As part of Creativeworks London’s Place Work Knowledge strand, I am in the throes of conducting research into some of the co-working spaces and hubs in the Old Street area and I can only describe what I’m witnessing as utterly stimulating. This is part of a wider research on creative hubs where I have spoken to a number of businesses who co-locate in some of these spaces (expect the research to be available in Spring 2016) and I’ve been dizzied (I hope that’s a term), especially in regard to what these entrepreneurs are working on – as well as how and where they work.
Co-working spaces are on the rise, this is quite old news, however a ‘co-working culture’ has developed and matured in this part of London – and this has injected the start-up scene with a dose of real potential and capacity (for an interesting timeline on co-working spaces, view this site). This being said the start-up community in London, and Europe as well, still has a way to go before it can realistically compete with our American cousins. Nevertheless what we’re seeing in Old Street is the development and maturation of new types of urban agglomeration economies, and it is being led by the creation of hubs and co-working spaces.

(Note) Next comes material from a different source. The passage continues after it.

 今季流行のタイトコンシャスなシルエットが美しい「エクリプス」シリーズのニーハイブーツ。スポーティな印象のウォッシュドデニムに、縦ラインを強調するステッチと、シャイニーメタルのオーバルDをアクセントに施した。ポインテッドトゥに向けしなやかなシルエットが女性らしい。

I met a team who are working on educational games for kids who have just secured Series A funding and have grown too big for their current co-working space so they’re on the move. I met another team who are working on mind boggling ways to use your smart phone as a type of medical triaging system; I met one guy that’s aiming to turn the ways in which people advertise on Android systems on its head; and I met a young woman who has dropped everything in order to pursue an entrepreneurial dream. These are just a snow flake on the tip of an iceberg, meaning that if what I’m seeing isn’t some type of mirage we should be seeing a whole host of exciting start-ups and products barrelling through the sector in the not too far future – all ‘made in London’ and all probably emerging from these co-working spaces.
As you can probably tell, it’s difficult to not get caught up in the energy that infuses some of these spaces. And from what I’m seeing here, there is a real positive and momentum-generating quality to Old Street’s start-up and co-working scene. From what I’m being told by start-ups, what makes Silicon Roundabout a great place to work are the co-working places. This is because within (some of) them exists an ethos based completely on sharing and a hunger to actually develop new things. Whether co-working culture and start-up development is a chicken and egg situation is a research question with significant policy implications which might be worth considering.

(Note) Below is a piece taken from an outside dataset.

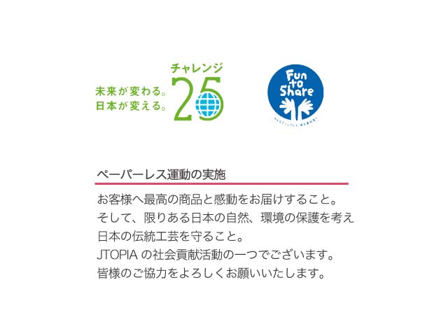 JTOPIAではギフトでのご注文を数多く頂いていること、並びに、環境保護活動の一環で積極的に「ペーパーレス運動」を実施しております。そのため、お届けする商品の中には、商品の領収書や納品書など、金額のわかるものは同封しておりません。ご希望の場合にはお気軽にお申し付けくださいませ。

Can we say that healthy tech start-ups develop in a silo regardless of where they are set up (including at home), or do the places and spaces (the hubs and co-working spaces) that they work in, help them achieve a level of success? I think the answer partly lies in both, however I know for a fact, through speaking to people, that being ‘co-desked’ with businesses that are at the same stage that you are in, and that are willing to share their knowledge with you as well as contribute to an ethos based on developing new things has a strong effect on how much time and energy one puts into their business. My colleagues (Dr. Mariza Dima and Dr. Gerard Briscoe) and I have been involved in a much smaller research project that looked at this notion but with regards to co-location and Hackathons, and what we found was that co-location does matter especially in regards to peer-to-peer learning and meaningful networking in the context of knowledge exchange.

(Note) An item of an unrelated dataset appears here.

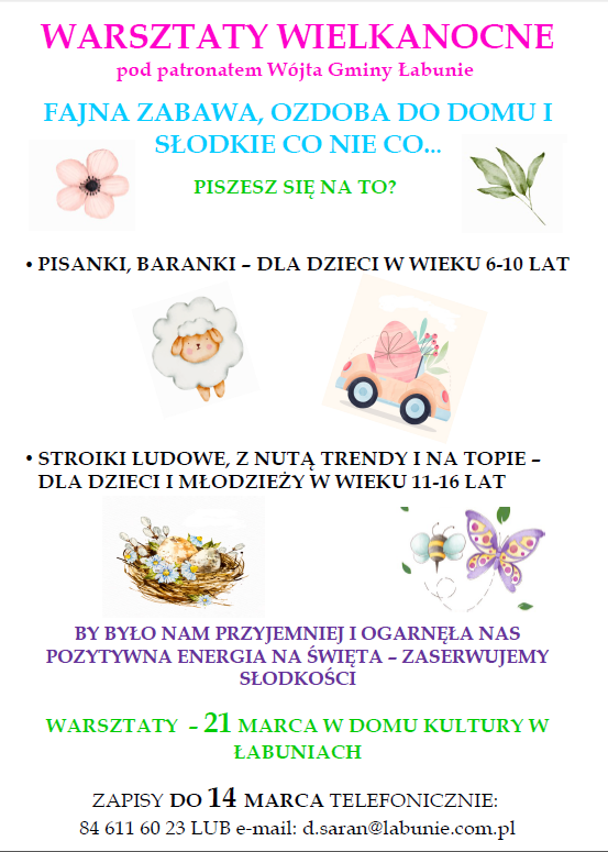 Zapraszamy mieszkańców gminy Łabunie na Gminne Warsztaty Wielkanocne.

A word of warning though, co-working spaces can be a little hit or miss. Some are blatant real estate and money making ventures, however (thankfully) others are not. Some care about the start-up community that they are fostering, and attempt to support small businesses that have ended up hiring their desk space. However some are aware of the fact that the co-working boom might be temporary and have decided to turn a tidy profit in the meantime. Importantly however, and I’m borrowing a colleague’s terminology here, the start-up/co-working scene in Old Street depends on a type of ‘informal peer-based incubation’. Nothing formal or dictated, no leadership courses or strategy documents outlining a ‘vision’. They help each other in whatever way they can, just shy of full blown collaboration and within realistic parameters and through a gentle leadership. Just enough to get everyone inspired and realising their real potential in an environment that fluidly (and aesthetically) binds them together. There are a number of ingredients to a successful co-working community and for a researcher like myself talking to these entrepreneurs and trying to find out what they might be is a real pleasure.